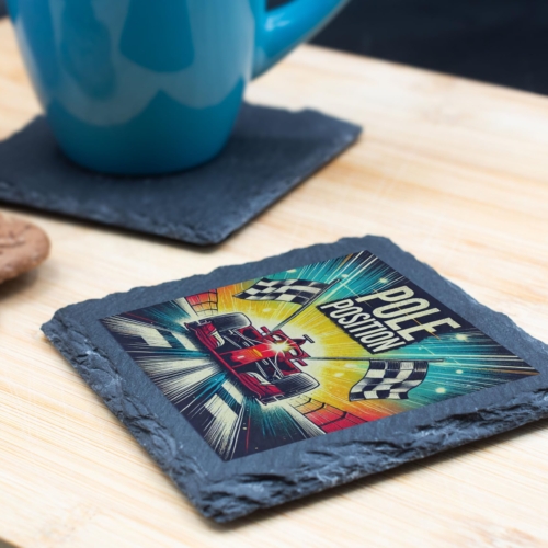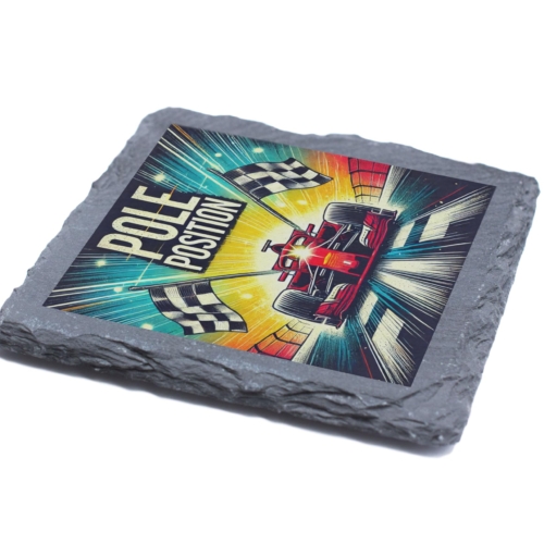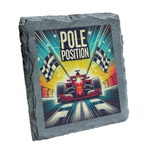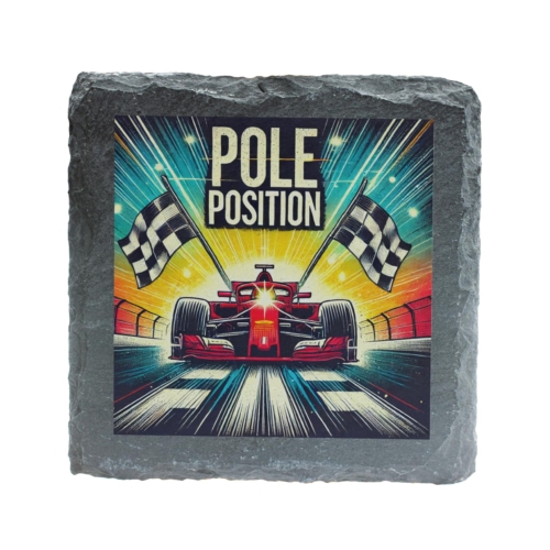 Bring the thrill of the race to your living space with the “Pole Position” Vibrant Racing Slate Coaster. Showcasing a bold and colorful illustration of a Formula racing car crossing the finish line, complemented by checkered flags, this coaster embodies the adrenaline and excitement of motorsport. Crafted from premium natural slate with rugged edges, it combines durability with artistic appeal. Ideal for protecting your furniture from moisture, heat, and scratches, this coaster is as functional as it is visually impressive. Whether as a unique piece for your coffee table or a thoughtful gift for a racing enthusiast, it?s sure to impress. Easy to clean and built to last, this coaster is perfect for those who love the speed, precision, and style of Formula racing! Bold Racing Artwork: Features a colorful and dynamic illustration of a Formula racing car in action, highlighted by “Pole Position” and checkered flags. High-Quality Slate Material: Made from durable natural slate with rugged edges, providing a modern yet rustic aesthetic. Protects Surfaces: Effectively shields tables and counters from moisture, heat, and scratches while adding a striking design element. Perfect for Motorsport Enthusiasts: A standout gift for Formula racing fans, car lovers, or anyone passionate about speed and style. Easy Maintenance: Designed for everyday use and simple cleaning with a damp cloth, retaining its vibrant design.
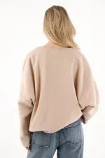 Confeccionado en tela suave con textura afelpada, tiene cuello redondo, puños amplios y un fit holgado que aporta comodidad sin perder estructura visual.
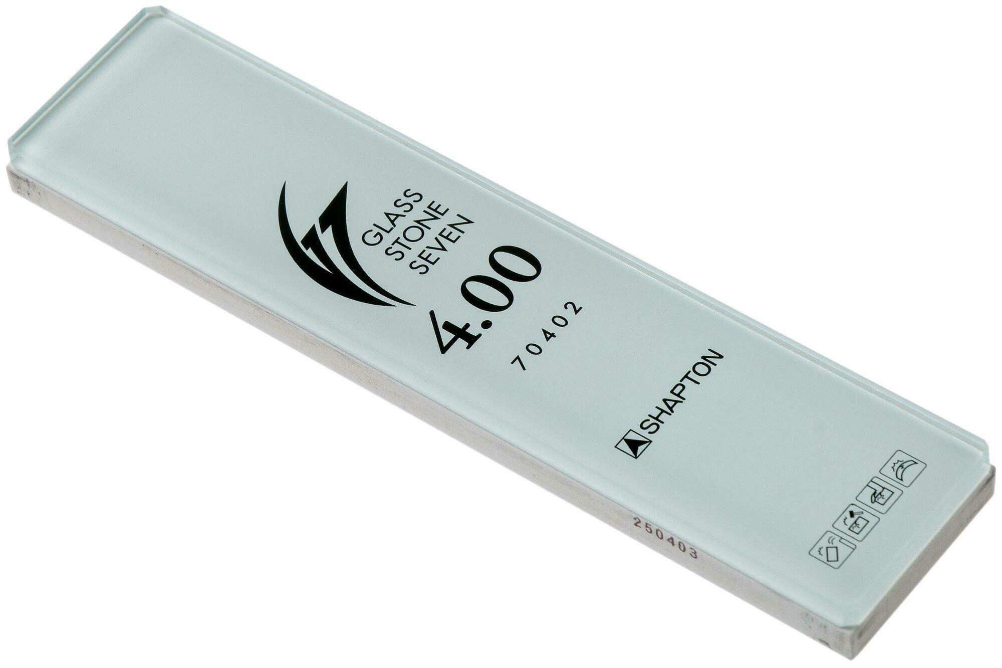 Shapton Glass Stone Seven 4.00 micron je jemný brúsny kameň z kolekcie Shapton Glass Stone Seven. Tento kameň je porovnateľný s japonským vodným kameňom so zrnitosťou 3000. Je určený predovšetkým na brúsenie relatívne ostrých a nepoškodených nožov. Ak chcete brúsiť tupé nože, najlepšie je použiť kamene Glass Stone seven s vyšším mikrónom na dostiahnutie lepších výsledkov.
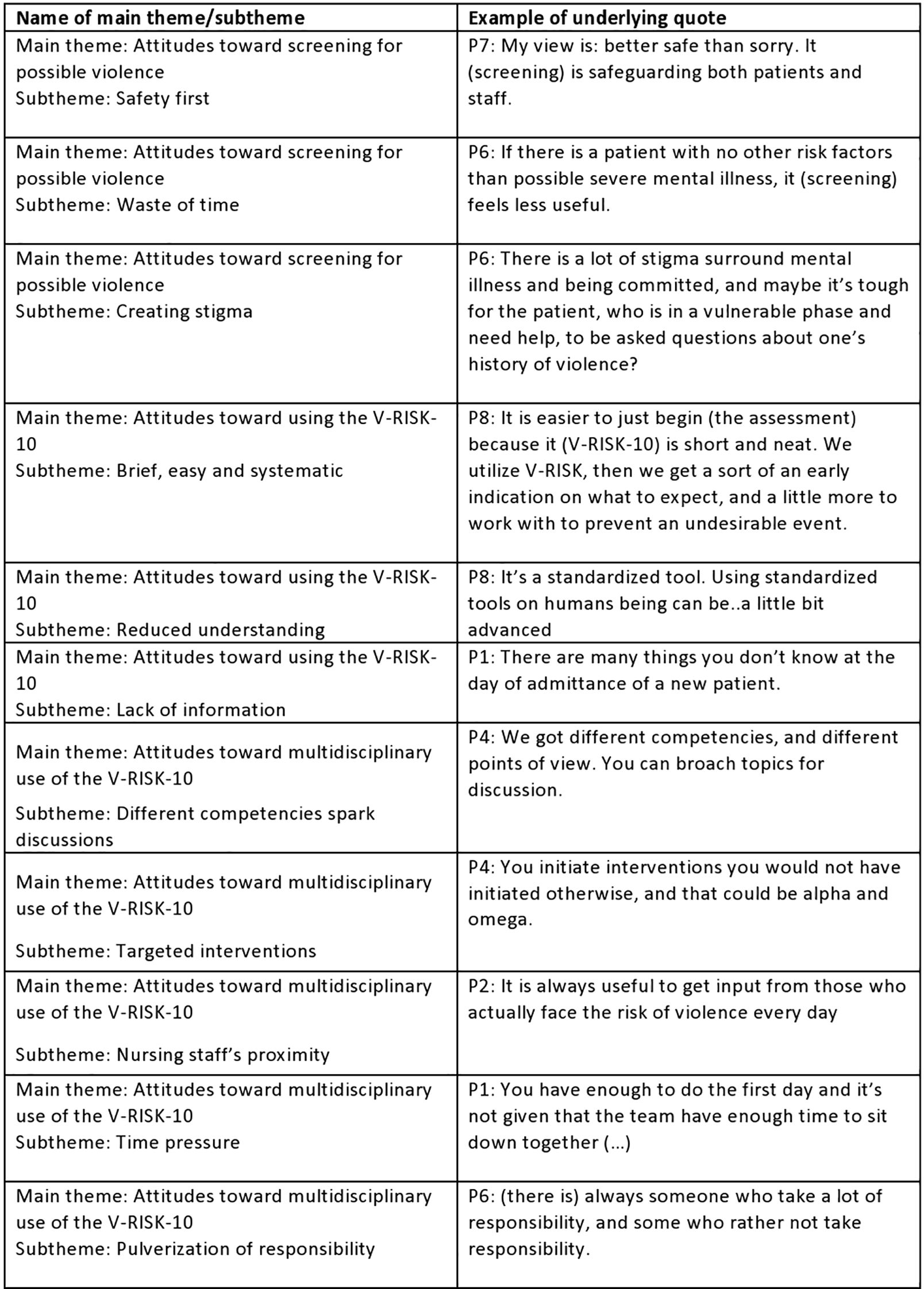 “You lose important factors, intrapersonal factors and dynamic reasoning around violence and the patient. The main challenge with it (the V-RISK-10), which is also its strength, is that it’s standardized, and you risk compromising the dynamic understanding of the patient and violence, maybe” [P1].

◆ Prompt
Copy verbatim the span that begins at the line containing "Confeccionado en tela" and ends at the last line of the material, inclusive of both; exclude pictures.

◆ Written solution
 Confeccionado en tela suave con textura afelpada, tiene cuello redondo, puños amplios y un fit holgado que aporta comodidad sin perder estructura visual.
 Shapton Glass Stone Seven 4.00 micron je jemný brúsny kameň z kolekcie Shapton Glass Stone Seven. Tento kameň je porovnateľný s japonským vodným kameňom so zrnitosťou 3000. Je určený predovšetkým na brúsenie relatívne ostrých a nepoškodených nožov. Ak chcete brúsiť tupé nože, najlepšie je použiť kamene Glass Stone seven s vyšším mikrónom na dostiahnutie lepších výsledkov.
 “You lose important factors, intrapersonal factors and dynamic reasoning around violence and the patient. The main challenge with it (the V-RISK-10), which is also its strength, is that it’s standardized, and you risk compromising the dynamic understanding of the patient and violence, maybe” [P1].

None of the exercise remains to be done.